PROVIDED DATA:

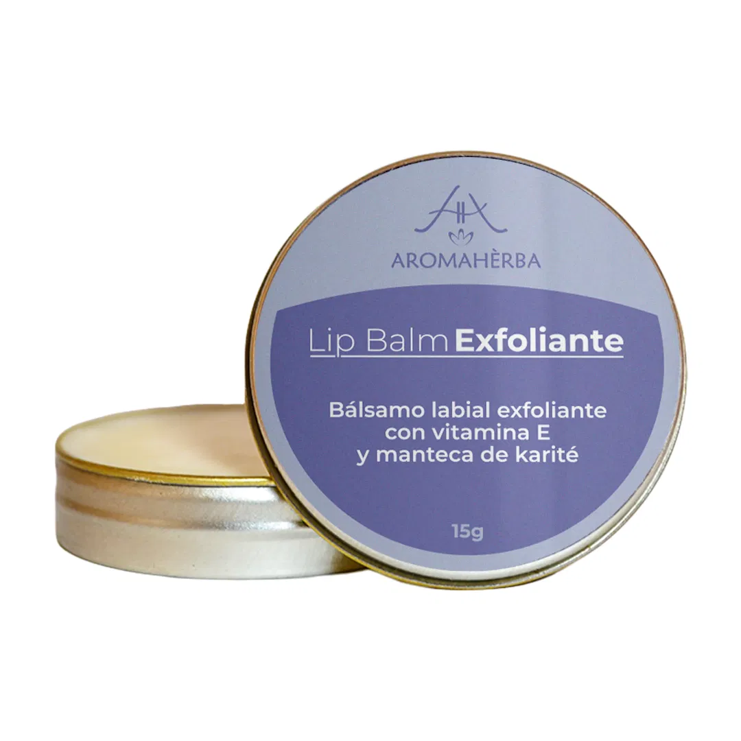 Bálsamo labial exfoliante con vitamina E y manteca de karité.
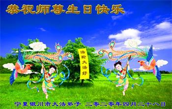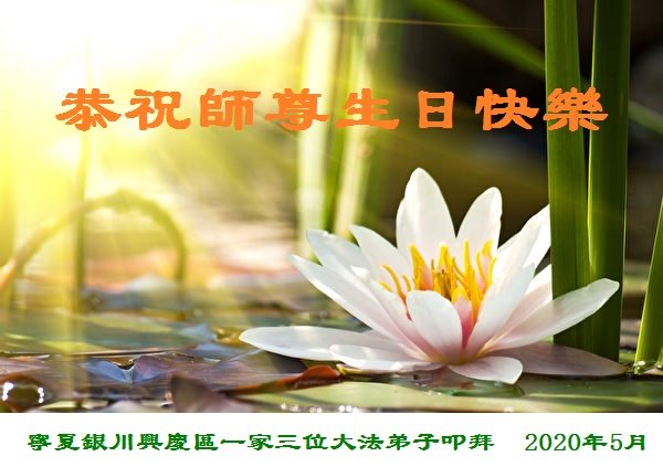 【明慧网二零二零年五月十三日】 宁夏银川市兴庆区一家三位大法弟子恭祝师尊生日快乐!
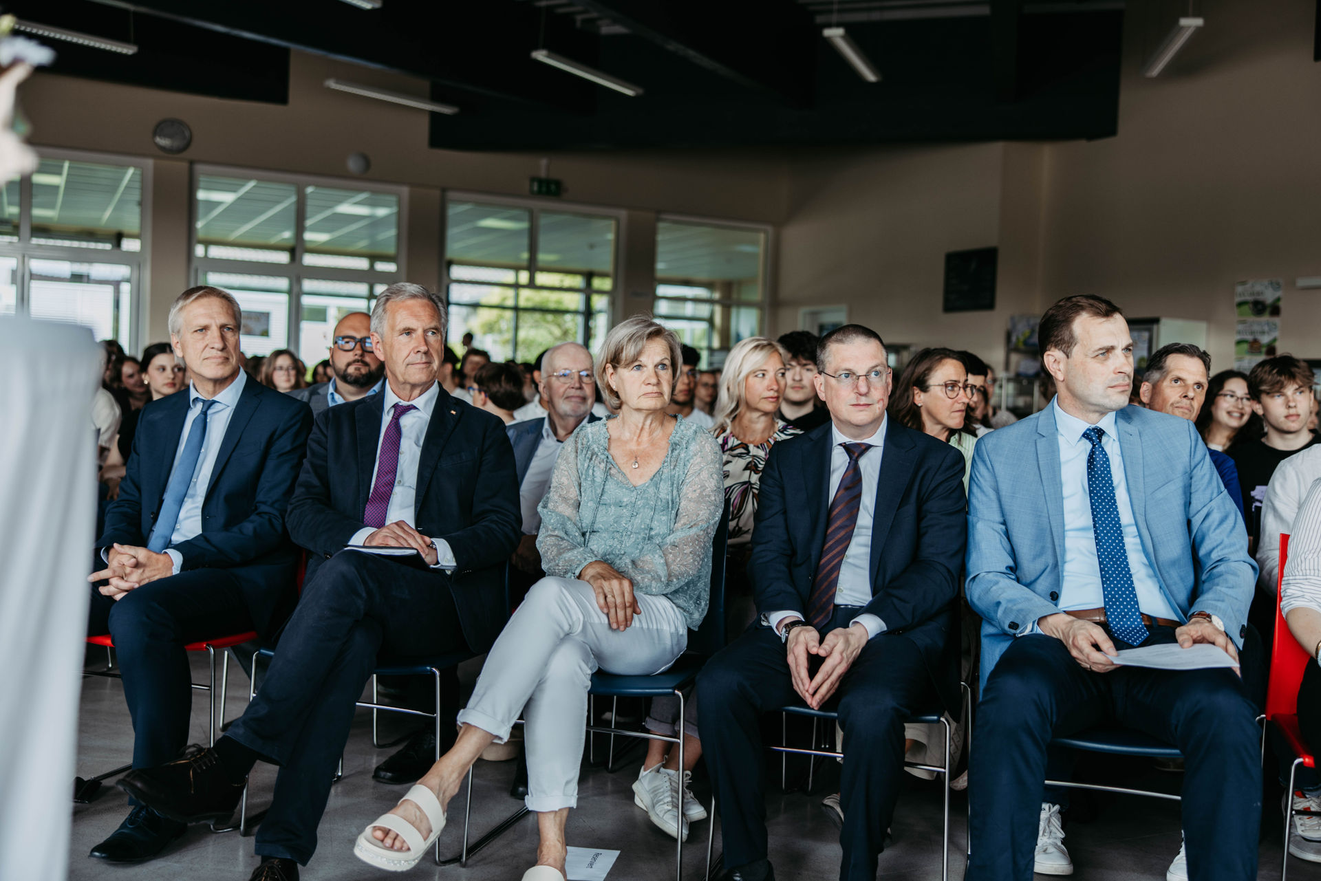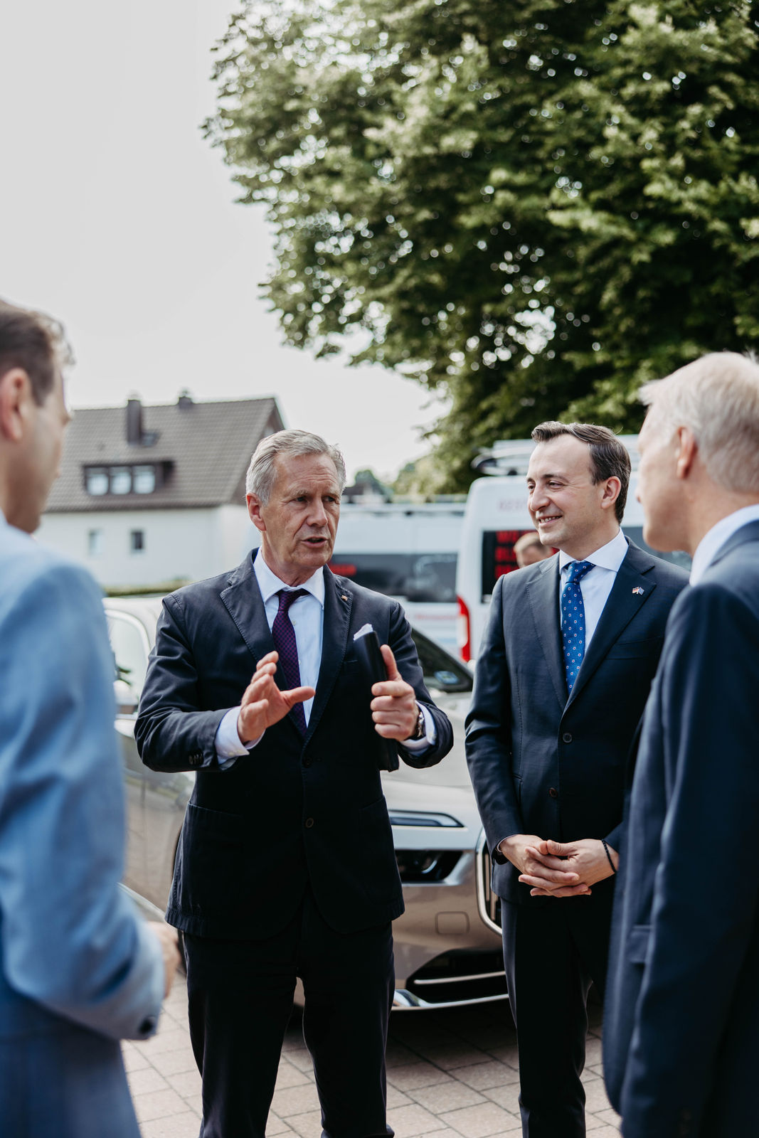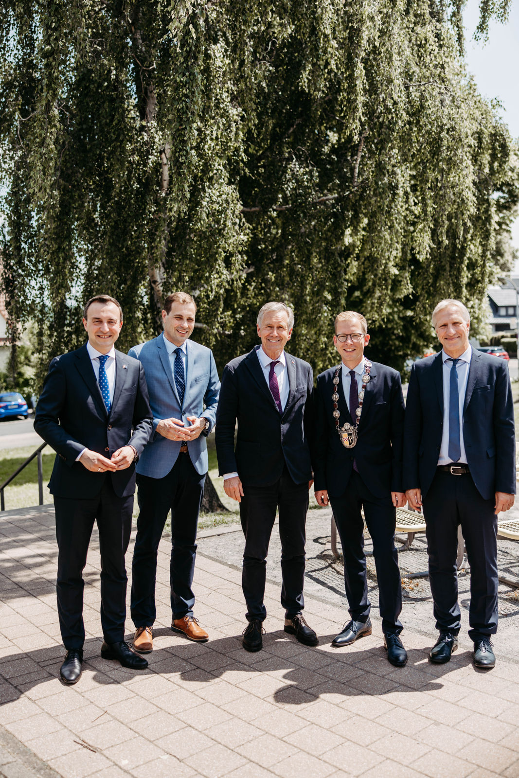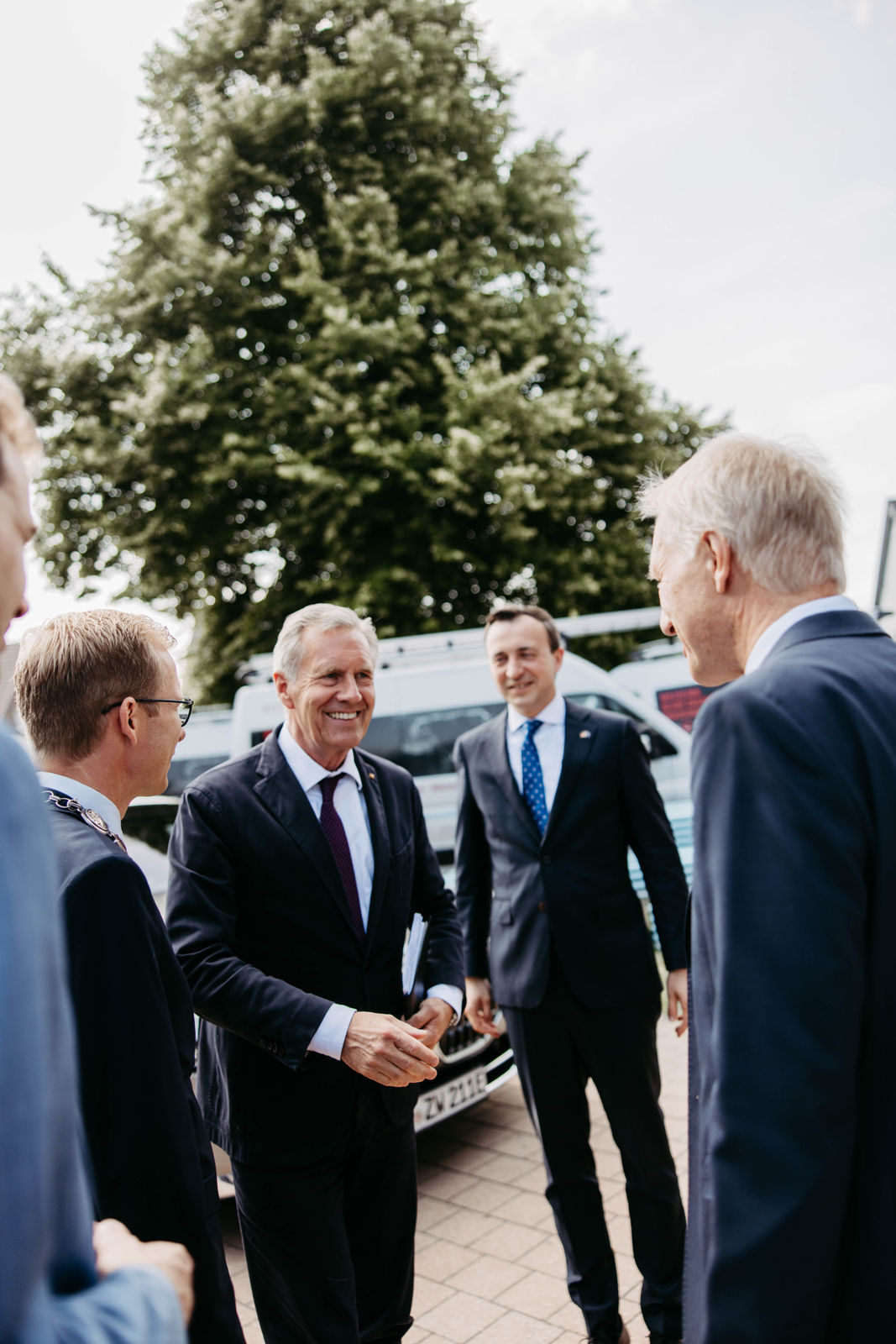 Bürgermeister Christian Schweitzer, Schulleiter Professor Dr. Jörg Trelenberg und Martin Gropengießer als Politiklehrer nahmen Christian Wulff und den Bundestagsabgeordneten Paul Ziemiak in Empfang, und nach einem netten Smalltalk ging es dorthin, wohin es den früheren Bundespräsidenten auch zog: Zu den Schülerinnen und Schülern, die gespannt auf den Besuch des 65-Jährigen gewartet haben. Besonders bei Marlene Jäker und Martin Bauer aus der Klasse 10b und Samuel Obst aus der Stufe 11 dürfte die Nervosität groß gewesen sein, denn sie stellten stellvertretend für ihre Mitschüler und Mitschülerinnen die Fragen, die alle zusammen im Unterricht vorbereitet hatten.

PROBLEM STATEMENT: Only the text of the listing above is wanted, transcribed exactly, without its images.

FINAL ANSWER:
 Bálsamo labial exfoliante con vitamina E y manteca de karité.
 【明慧网二零二零年五月十三日】 宁夏银川市兴庆区一家三位大法弟子恭祝师尊生日快乐!
 Bürgermeister Christian Schweitzer, Schulleiter Professor Dr. Jörg Trelenberg und Martin Gropengießer als Politiklehrer nahmen Christian Wulff und den Bundestagsabgeordneten Paul Ziemiak in Empfang, und nach einem netten Smalltalk ging es dorthin, wohin es den früheren Bundespräsidenten auch zog: Zu den Schülerinnen und Schülern, die gespannt auf den Besuch des 65-Jährigen gewartet haben. Besonders bei Marlene Jäker und Martin Bauer aus der Klasse 10b und Samuel Obst aus der Stufe 11 dürfte die Nervosität groß gewesen sein, denn sie stellten stellvertretend für ihre Mitschüler und Mitschülerinnen die Fragen, die alle zusammen im Unterricht vorbereitet hatten.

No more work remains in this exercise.